FIG. 1.

RT-PCR for H1 subtype HAs. (A) RT-PCR amplification with the universal H1 HA primer set (set 3). cDNAs from swine, human, and avian origin H1 subtype influenza A viruses were amplified. The final reaction mixture contained 1× PCR Gold buffer, 2.5 mM MgCl₂, 0.2 mM deoxynucleoside triphosphate mixture, 4 U AmpliTaq Gold polymerase (Applied Biosystems, Foster City, CA), and 0.6 μM primers. Thermocycling was performed in a DNAEngine (Bio-Rad, Hercules, CA) under the following cycling conditions: 10 min at 95°C, followed by 40 cycles of 94°C for 30 s, 60°C for 30 s, and 72°C for 1 min.
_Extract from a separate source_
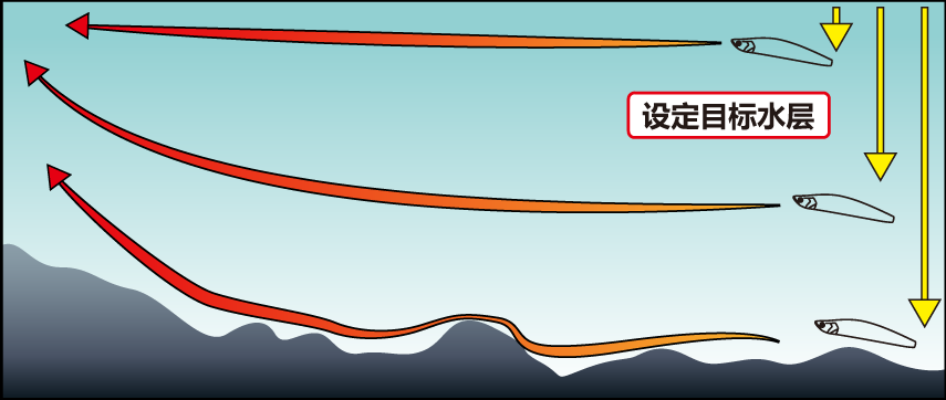 设定目标水层 全泳层饵理论上是全泳层,但到了实战的时候,钓者的每一次抛投都必定有一个目标水层,可以是多少米深,也可以只是一个读数。准确到达预设的目标水层是全泳层饵操控的灵魂!

PCR products were electrophoresed on a 2% Tris-acetate-EDTA agarose gel, stained with ethidium bromide, and photographed under UV transillumination. Lanes (left to right): 1, 100-bp DNA molecular weight ladder; 2, A/swine/Ohio/23/1935(H1N1), 3, A/swine/Jamesburg/1942 (H1N1), 4, A/swine/Wisconsin/1/1967 (H1N1); 5, A/Maryland/NIH-37/2009 (H1N1); 6, A/Maryland/NIH-39/2009 (H1N1); 7, A/mallard/Ohio/171/1990 (H1N1); 8, A/green-winged teal/Ohio/72/1999(H1N1); 9, A/green-winged teal/Ohio/430/1987 (H1N1); 10, A/California/04/2009 (H1N1); 11, A/New York/470/2004 (H3N2); 12, water. (B) Amplification curve for influenza A virus H1 HA real-time RT-PCR assay. Shown are the 10⁻¹ to 10⁻⁵ dilutions of A/California/04/2009 (H1N1) cDNA (final concentrations, 0.4 ng to 40 fg viral RNA per reaction mixture) with the FAM (novel swine origin) probe. Reactions were run in duplicate. The final reaction mixture contained 1× ABI master mix (Applied Biosystems), 0.9 μM primers, and 0.25 μM of each probe under the following cycling conditions: 2 min at 50°C and 10 min at 95°C, followed by 40 cycles of 95°C for 15 s and 60°C for 1 min.